Printing the values of num at every point gives an idea of how the function goes wrong:
Python:
1
2
6
24
120
720
5040
40320
362880
3628800
39916800
479001600
6227020800
87178291200
1307674368000
20922789888000
355687428096000
6402373705728000
121645100408832000
2432902008176640000
51090942171709440000
1124000727777607680000
25852016738884976640000
620448401733239439360000
15511210043330985984000000
15511210043330985984000000
A steady increase. In the Java:
1
2
6
24
120
720
5040
40320
362880
3628800
39916800
479001600
1932053504
1278945280
2004310016
2004189184
-288522240
-898433024
109641728
-2102132736
-1195114496
-522715136
862453760
-775946240
2076180480
2076180480
Not a steady increase. In fact, num is returning negative numbers, as though the function is returning negative numbers, even though num shouldn't get be getting below zero.
Both Python and Java codes are going about the same procedure, yet they are returning wildly different values. Why is this happening?
Two words - integer overflow
While not an expert in python, I assume it may expand the size of the integer type according to its needs.
In Java, however, the size of an int type is fixed - 32bit, and since int is signed, we actually have only 31 bits to represent positive numbers.

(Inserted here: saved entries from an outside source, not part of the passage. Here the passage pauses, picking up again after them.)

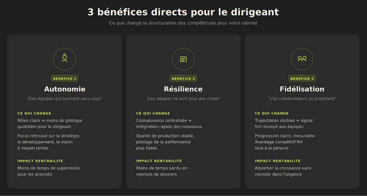 C’est cet angle que nous explorons ici : comment passer d’une gestion artisanale des compétences à un système structuré, un système où votre cabinet capitalise sur ce qu’il apprend et où l’autonomie de vos équipes devient un vrai levier de performance.
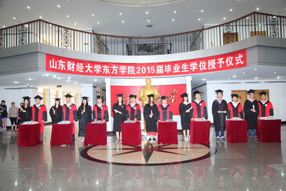 学院教务处处长助理张英泽宣读了毕业生资格审查报告及授予学位的决定。东方学院2015届应毕业本科学生共有14个专业、38个教学班,共有毕业生1480人;专科学生共2个专业、7个教学班,共有毕业生315人。
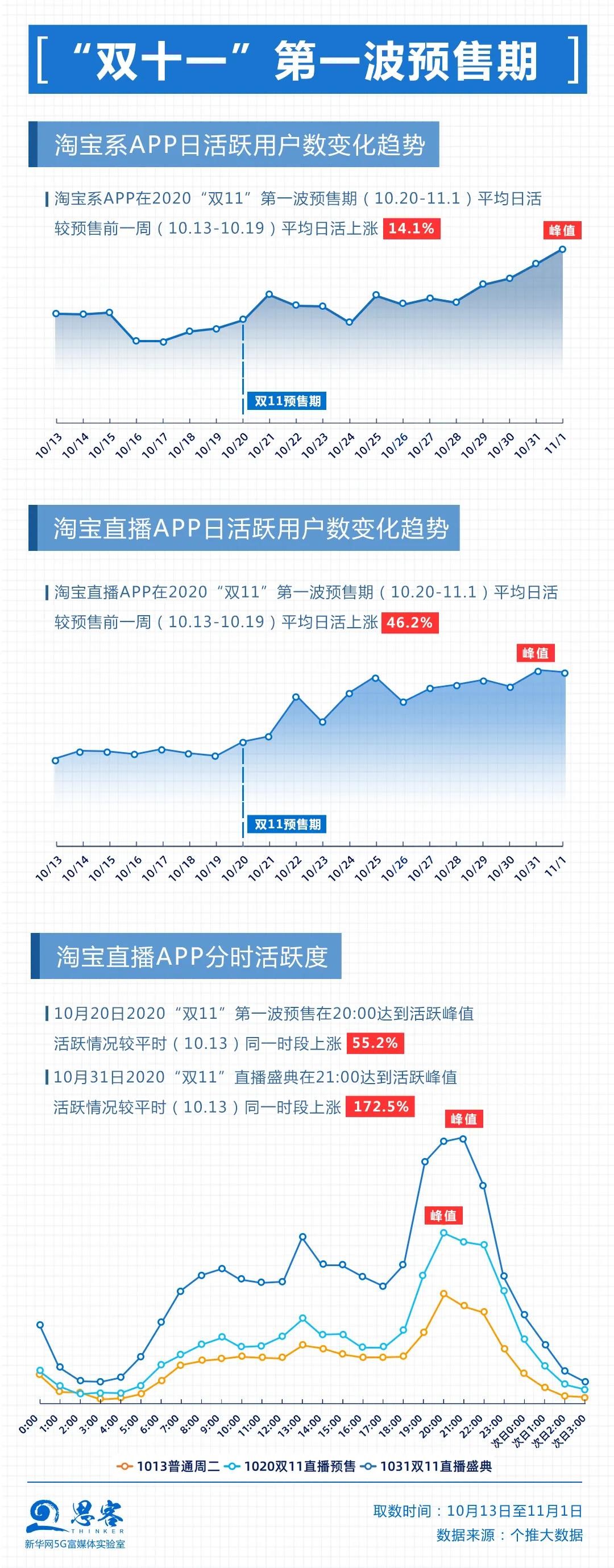 每日互動大數(shù)據(jù)顯示,淘寶直播APP在“雙11”第一波預(yù)售期(10月20日至11月1日)的平均日活較預(yù)售前一周(10月13日至19日)上漲46.2%,每天晚上8-9時(shí)是活躍度最高的時(shí)段,10月31日晚9時(shí)的活躍峰值較10月13日同一時(shí)段上漲172.5%。

Once the number you assign is bigger than the maximum, it overflows the int (which is - there is no place to represent the whole number).

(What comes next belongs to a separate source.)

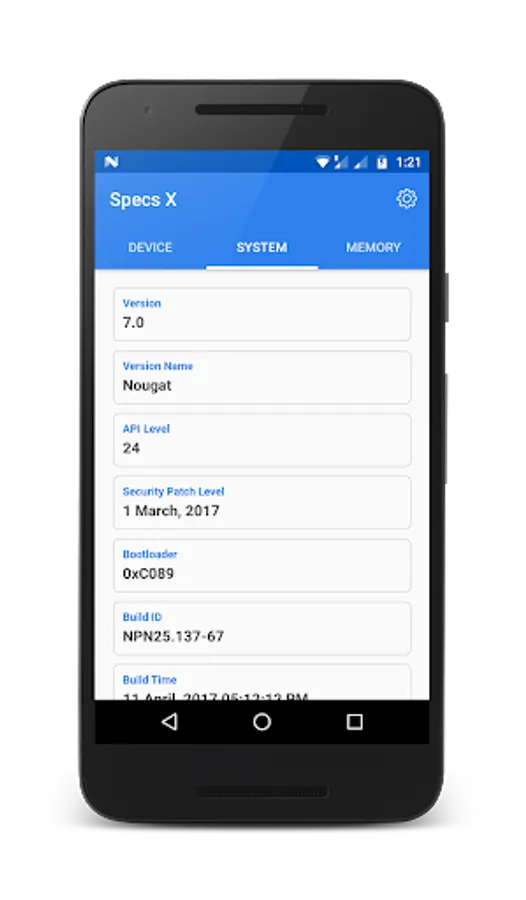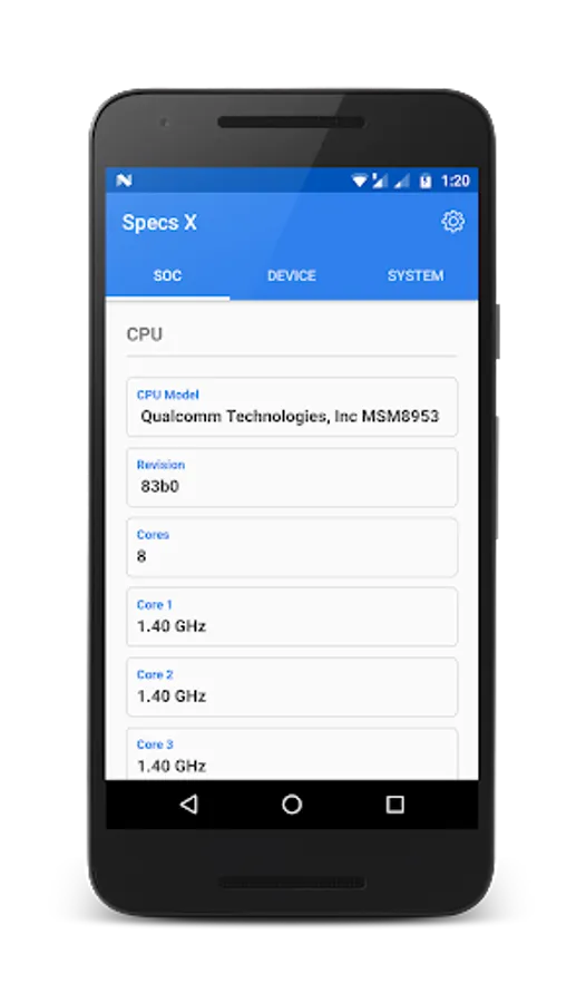 Specs X is a free application that shows your device specification and other device informations in an efficient and reliable way. This app shows device info like:

While in the C language the behavior in such case is undefined, in Java it is well defined, and it just takes the least 4 bytes of the result.
For example:
System.out.println(Integer.MAX_VALUE + 1);
// Integer.MAX_VALUE = 0x7fffffff
results in:
-2147483648
// 0x7fffffff + 1 = 0x800000000
Edit
Just to make it clearer, here is another example. The following code:
int a = 0x12345678;
int b = 0x12345678;
System.out.println("a*b as int multiplication (overflown) [DECIMAL]: " + (a*b));
System.out.println("a*b as int multiplication (overflown) [HEX]: 0x" + Integer.toHexString(a*b));
System.out.println("a*b as long multiplication (overflown) [DECIMAL]: " + ((long)a*b));
System.out.println("a*b as long multiplication (overflown) [HEX]: 0x" + Long.toHexString((long)a*b));
outputs:
a*b as int multiplication (overflown) [DECIMAL]: 502585408
a*b as int multiplication (overflown) [HEX]: 0x1df4d840
a*b as long multiplication (overflown) [DECIMAL]: 93281312872650816
a*b as long multiplication (overflown) [HEX]: 0x14b66dc1df4d840
And you can see that the second output is the least 4 bytes of the 4 output
Unlike Java, Python has built-in support for long integers of unlimited precision. In Java, an integer is limited to 32 bit and will overflow.

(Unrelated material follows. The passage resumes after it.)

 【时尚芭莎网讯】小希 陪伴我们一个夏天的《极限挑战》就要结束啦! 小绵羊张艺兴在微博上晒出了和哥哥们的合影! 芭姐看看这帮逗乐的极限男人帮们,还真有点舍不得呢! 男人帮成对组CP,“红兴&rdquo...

As other already wrote, you get overflow; the numbers simply won't fit within java's datatype representation. Python has a built-in capability of bignum as to where java has not.
Try some smaller values and you will see you java-code works fine.
Java's int range
int
4 bytes, signed (two's complement). -2,147,483,648 to 2,147,483,647. Like all numeric types ints may be cast into other numeric types (byte, short, long, float, double). When lossy casts are done (e.g. int to byte) the conversion is done modulo the length of the smaller type.
Here the range of int is limited
The problem is very simple ..
coz in java the max limit of integer is 2147483647 u can print it by System.out.println(Integer.MAX_VALUE);
and minimum is System.out.println(Integer.MIN_VALUE);
Because in the java version you store the number as an int which I believe is 32-bit. Consider the biggest (unsigned) number you can store with two bits in binary: 11 which is the number 3 in decimal. The biggest number that can be stored four bits in binary is 1111 which is the number 15 in decimal. A 32-bit (signed) number cannot store anything bigger than 2,147,483,647. When you try to store a number bigger than this it suddenly wraps back around and starts counting up from the negative numbers. This is called overflow.
If you want to try storing bigger numbers, try long.